Coal Tar: How Corrupt Politics and Corporate Greed Are Killing America's Children
- Author: Bill Clutter
- Publication date: October 2018
- ISBN: 9781732693005

= Coal Tar: How Corrupt Politics and Corporate Greed Are Killing America's Children =

2018 book by Bill Clutter

Coal Tar: How Corrupt Politics and Corporate Greed Are Killing America's Children is a 2018 book by private investigator and wrongful conviction advocate Bill Clutter. The book details Clutters investigation into an epidemic of a rare childhood cancer called neuroblastoma in Taylorville, Illinois on behalf of his law firm. In the process, Clutter discovers that the epidemic's victims live on land formerly used by the Central Illinois Public Service Company (CIPS) to manufacture of various coal products. CIPS had subsequently sold the land, but remained legally responsible for industrial wastes present; it attempted to escape legal liability by keeping the presence of those wastes a secret. The book details the downstream consequences of CIPS' secrecy, and Clutter's attempt to hold the company to account.

== Neuroblastoma epidemic ==
Between March 1989 and August 1991, four patients in Taylorville, Illinois, were diagnosed with neuroblastoma. Statistically speaking, approximately 9 patients out of every million births will be diagnosed with neuroblastoma. In a town the size of Taylorville, one case of neuroblastoma should occur approximately once in 29 years. During this two-year period, three infants and one teenager were diagnosed. At the time of trial, two patients were in remission, one patient had died, and one patient was paralyzed from the waist down due to complications from his diagnosis. The cases were eventually linked to exposure to coal tar that was stored in underground tanks at a local plant.

== Central Illinois Public Service ==
The site that the coal tar was found on changed hands several times in the past century but was at one time owned by Central Illinois Public Service. Prior to the widespread use of natural gas, the county relied on coal for heat and electric. The plant in Taylorville was constructed in 1892. It was sold to Central Illinois Public Service in 1912 and was decommissioned in 1939. During their operation, the company stored coal tar in underground tanks.
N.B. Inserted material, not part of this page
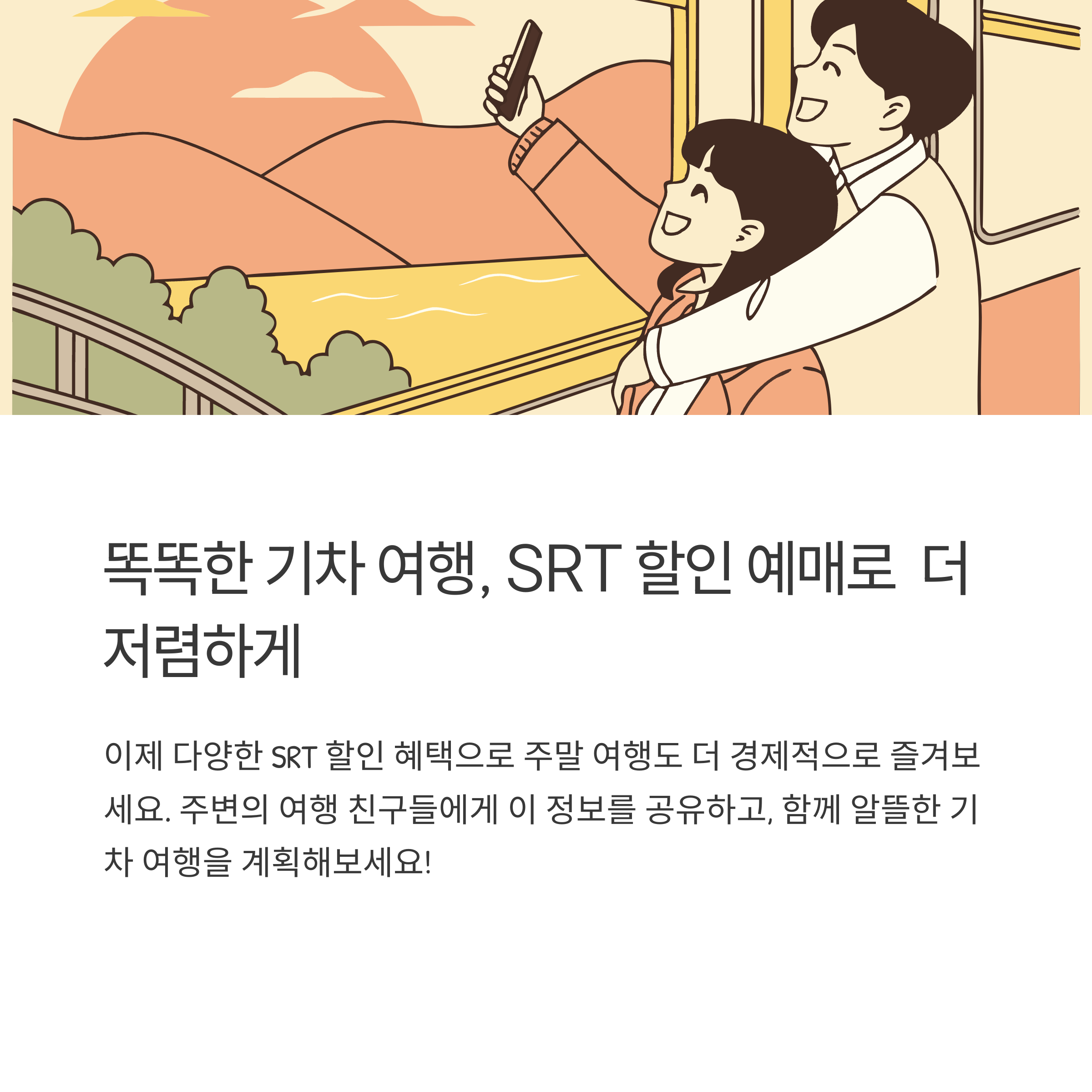 - 주말부부/장거리 통학생: SRT 정기권 (최대 60% 할인)

The tar was often sold for use as roofing tar among other uses. When the plant was shut down, they dismantled the above-ground structures and sold the land, but failed to disclose the underground tanks, which contained about 50,000 gallons of coal tar.

In 1980, Congress passed the Comprehensive Environmental Response Compensation and Liability Act, which required that all companies notify the EPA of any hazardous waste facilities they had owned and operated and retroactively assigned liability for the disposal of hazardous waste. Under this law, CIPS was legally required to notify the EPA about the underground tanks and was responsible for their proper disposal. Internal documents showed that CIPS made the decision not to disclose the presence of the tanks. The carcinogenic nature of coal tar gained publicity in the early 1980s, a fact that was known to CIPS. CIPS conducted an independent on-site investigation of the risks of carcinogens at each of its abandoned gas-manufacturing sites, including the site in Taylorville. They forwarded the results of their study to their insurance company and applied for insurance to cover potential claims, but did not notify any government agency or the current owner. In 1985, the tanks were disturbed by the site's new owners, Apple Contractors, who had no knowledge of their existence, leading to the release of carcinogens.

CIPS did eventually begin monitoring and cleanup of the site, but as alleged in the lawsuit, they attempted to keep data collection to a minimum and hid data they had already collected in an attempt to minimize liability.

In the first three months of excavations, an air-monitoring station reported seven days with emissions above National Air Quality Standards (NAAQS). On February 8, 1987, a security guard for the site reported that dust blew "all over". Two days later, an air-monitoring station reported a NAAQS exceedance, and a local resident was hospitalized with an intense headache, nausea, blurred vision, and convulsions from a toxic cause. CIPS was advised of the incident but took no action. On February 11, 1987, the project manager for the excavation “wanted to be on record as pushing for shutdown and resident relocation", citing "great concern" over air emissions. During this time frame, truck drivers removing the excavated material complained of nausea. CIPS advised the drivers to wear respirators but made no attempt to relocate or warn the nearby residents. The jury ruled in favor of the families and returned a $3.2 million verdict.